Dira-t-on que l’élément connu à priori n’est sans doute, à aucun degré, le contenu de la notion, la somme des caractères qu’elle comprend, mais qu’il consiste dans le lien de nécessité établi entre ces caractères, et qu’ainsi le concept de la notion, s’il n’est pas présupposé par les choses elles-mêmes, l’est du moins par la connaissance des choses ?

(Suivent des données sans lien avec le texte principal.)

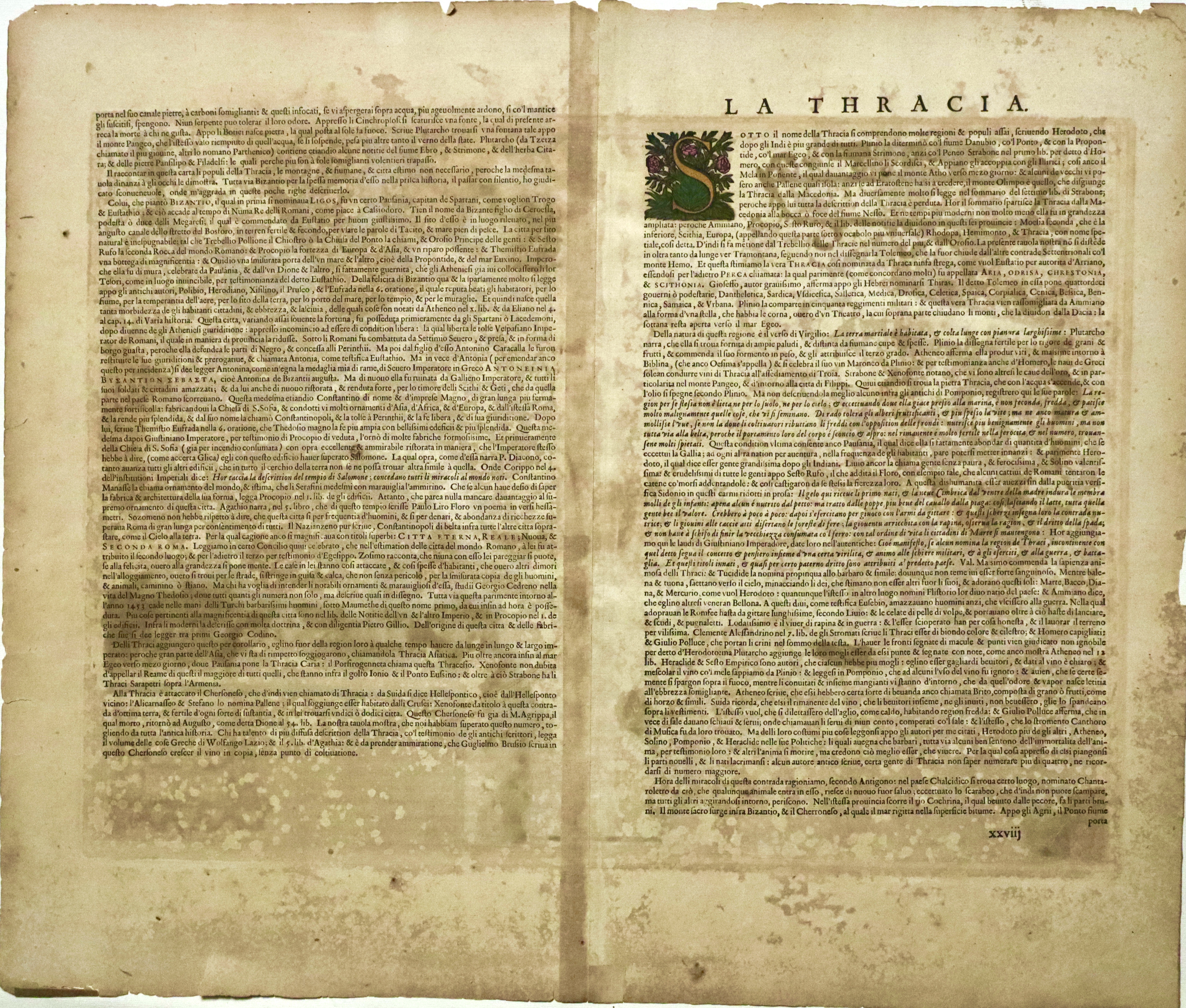 Copper engraving, hand-painted, period, 360 x 840 mm. A highly decorative map of ancient Thrace, that is, the territories of northern Greece and modern Bulgaria, belonging to the historical section of the "Theatrum Orbis Terrarum," the first modern atlas, including maps of all the regions of the world. The brilliant intuition of Ortels, later Latinized, was to bring together the heterogeneous cartographic production of the period into a single corpus, forming the basis for a hugely successful publishing enterprise, published from 1570 to 1612. Before then, in fact, cartographic production had been irregular, local in scale, and the few atlases, the so-called "Lafrerian Atlases," were created on request by collecting maps of some areas, ignoring others. A fine example on slightly browned paper. Traces of offset.
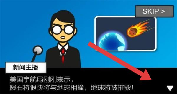 3、新聞主播播報(bào)美國(guó)宇航局消息,稱隕石將與地球相撞致其被摧毀,右上角SKIP可跳過(guò)該劇情,圍繞地球末日危機(jī)展開(kāi),玩家要在這緊迫的60秒內(nèi)采取行動(dòng)。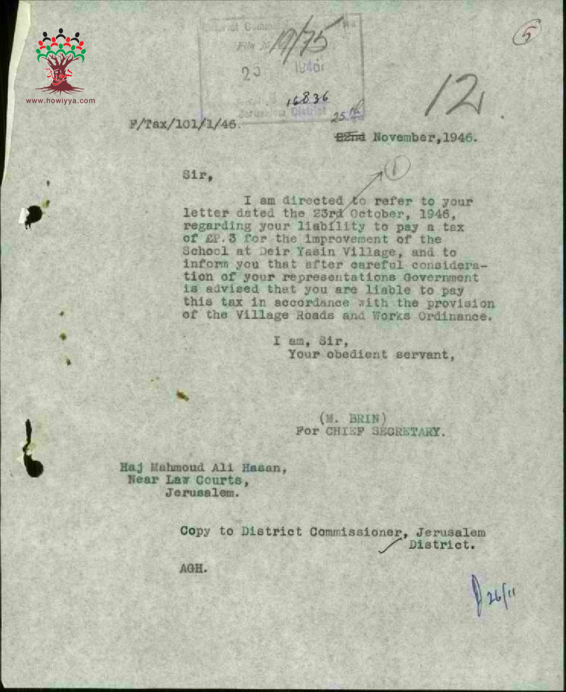 الطلب من الحاج محمود علي حسن دفع ضريبة تحسين مدرسة دير ياسين - بحيث قدم المذكور طلباً لإعفائه من دفع هذه الضريبة لأنه يسكن في القدس وليس له أبناء يتعلمون في بلدته دير ياسين ولكن تم رفض طلبه وإلزامه بدفع الضريبة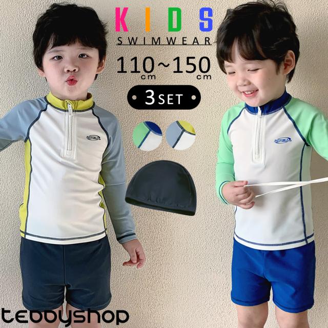 夏新作 キッズ 水着 男の子 セパレート ラッシュガード トップス 長袖 ハーフパンツ スイムキャップ 3点セット カラフル 110 120 130 140 150 ロゴ ラグランスリーブ プチハイネック ハーフジップ ウエストゴム 裏地付 幼稚園 保育園 小学生 低学年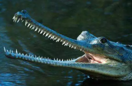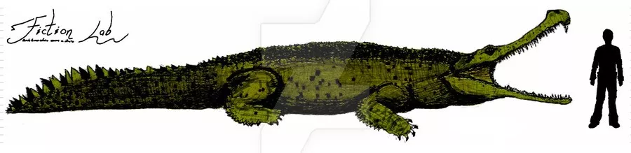 帝鳄的长相与我们印象里的鳄鱼不太一样,它的嘴巴细长,嘴巴前端有个圆鼓的鼻子,跟今天生活在印度的恒河鳄有点相似。在帝鳄的长嘴巴中密密麻麻地长着70多颗尖长的牙齿,每一颗牙都像一枚粗钉子一样,穿透厚厚的皮肉都是小意思。帝鳄的身体宽大,背部和尾部长着骨质的鳞片,可以起到防御作用,这点倒是和今天的鳄鱼一样。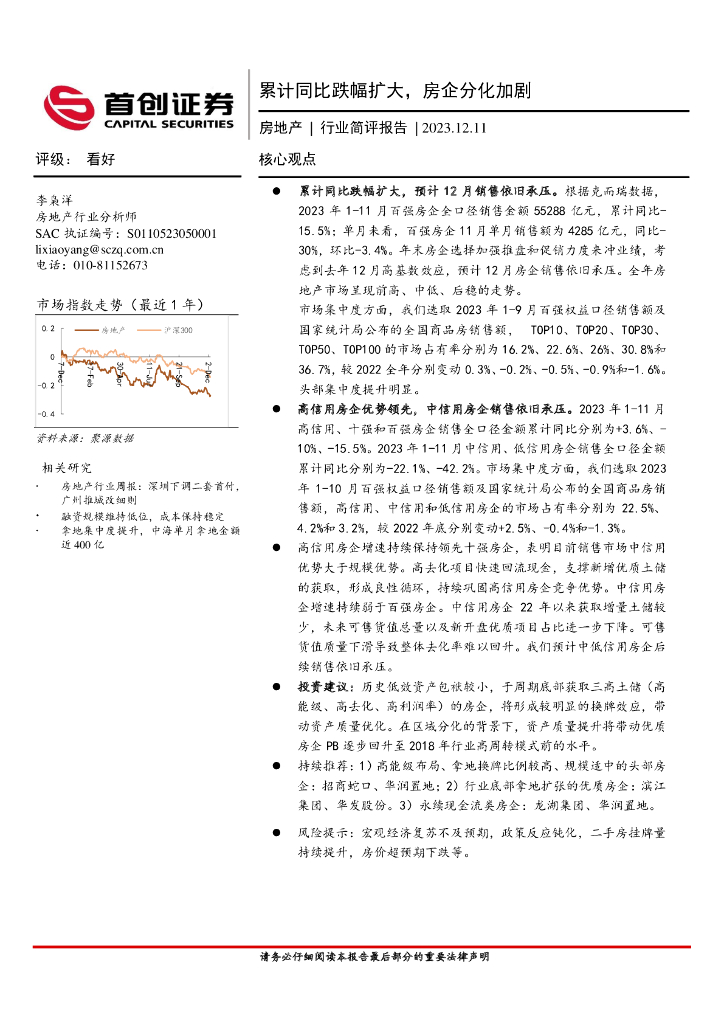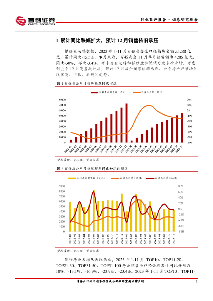 首创证券:房地产行业简评报告:累计同比跌幅扩大,房企分化加剧.pdf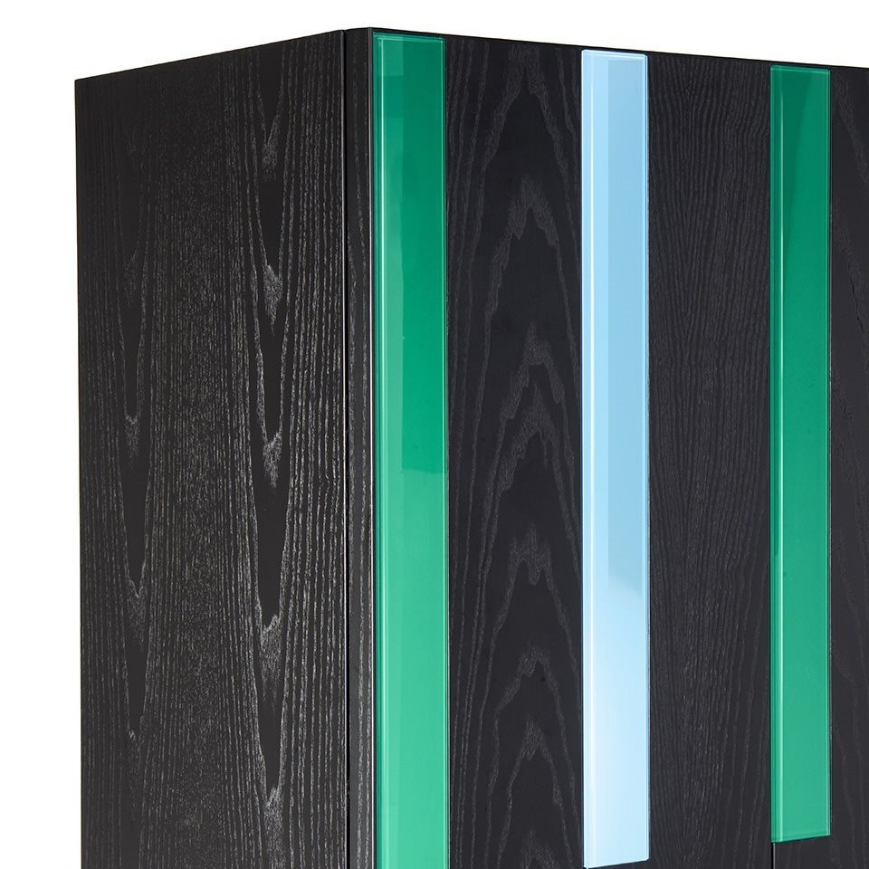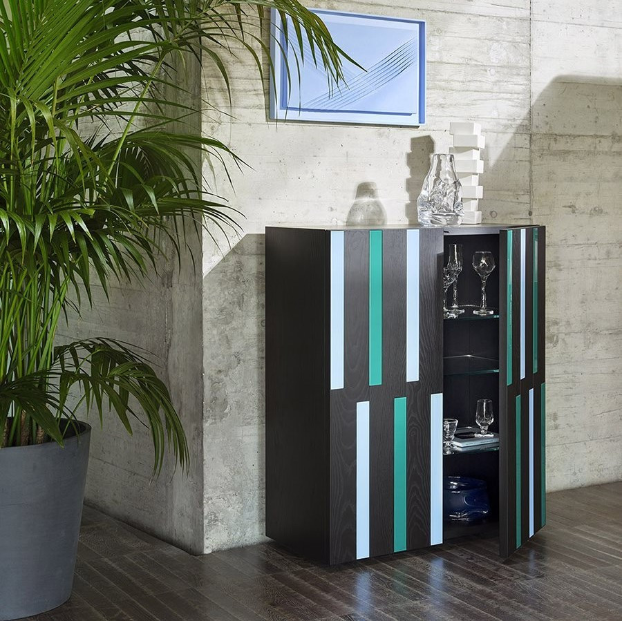Komoda Riga-Riga 788 marki Zanotta, zaprojektowana przez Pierre’a Charpina (2025), to luksusowa interpretacja współczesnego włoskiego designu, w której precyzja rzemiosła łączy się z geometrycznym wzorem inkrustacji. Konstrukcja z MDF fornirowanego jesionem lakierowanym na poro otwarte dostępna jest w kolorze czarnym lub amarantowym. Dekoracyjne wkłady ze szkła malowanego od spodu (back-painted glass) w odcieniach mięty i błękitu dla wersji czarnej oraz kości słoniowej i koralu dla wersji amarantowej nadają bryle trójwymiarowości i rytmu.
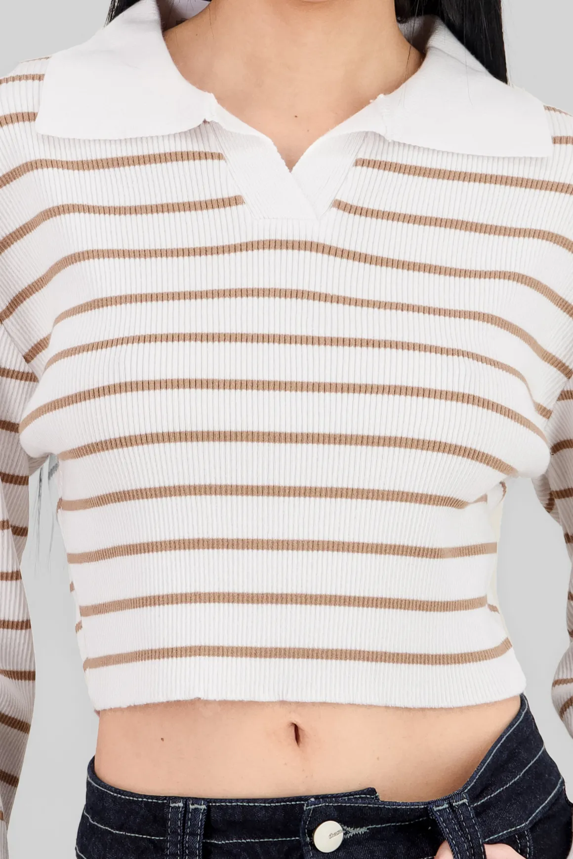 ¡Este suéter es lo que necesitas para darle un toque único a tu look! Con su cuello polo y el estampado de rayas, es perfecto para esos días frescos en los que buscas algo cómodo, pero con mucho estilo. Ideal para combinar con jeans o faldas, ¡te encantará!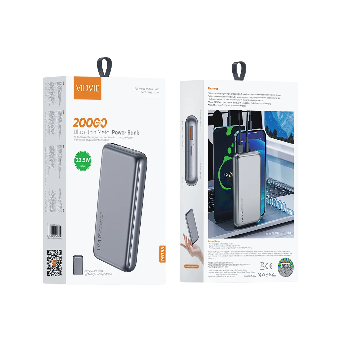 22.5W output, 20 Type-C, only 2.23cm thick, lightweight and portable, All-aluminum alloy ergonomic double sided curvature design, high texture and excellent hand feel
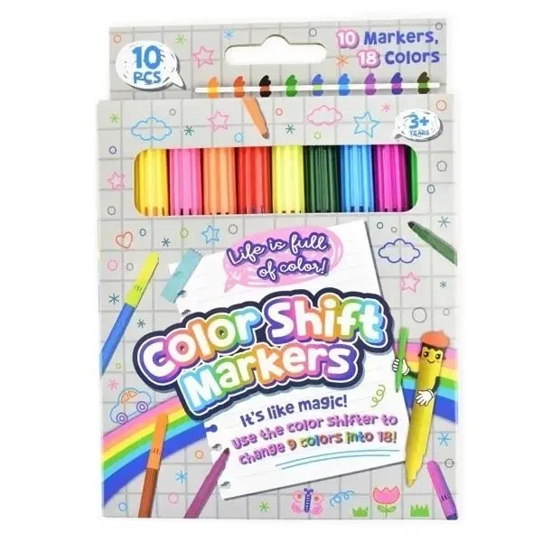 W zestawie znajduje się 8 różnokolorowych markerów oraz 2 białe pisaki, które umożliwiają zmianę kolorów. Pokoloruj rysunek, narysuj dowolny kształt i eksperymentuj z barwami za pomocą białego flamastra. Dzięki temu magicznemu mazakowi Twoje prace zyskają nową, dynamiczną formę.

Cette manière de concevoir la notion n’est pas encore exactement celle qui préside aux sciences positives. Elle est susceptible d’inspirer au savant la présomption ou le découragement. Persuadé que les choses se laissent enfermer dans des définitions, le savant érige en vérité définitive, en principes absolus, les formules auxquelles ont abouti ces recherches. C’est l’origine des systèmes, troncs superbes et rigides, d’où la sève se retire peu à peu, et qui sont voués à la mort. Et si, plus circonspect, le savant attend, pour ériger ses formules en principes, qu’elles soient adéquates à la réalité, il voit fuir devant lui l’objet de ses recherches à mesure qu’il s’en approche : la perfection même des méthodes et des instruments d’investigation ne fait que le convaincre de plus en plus du caractère purement approximatif des résultats qu’il obtient. C’est l’origine de ce scepticisme scientifique, qui ne veut plus voir dans la nature que des individus et des faits, parce qu’il est impossible d’y trouver des classes et des lois absolues. La science a pour objet l’étude des phénomènes ; elle se trahit elle-même, si elle commence par se faire des phénomènes une idée qui les transforme en choses en soi.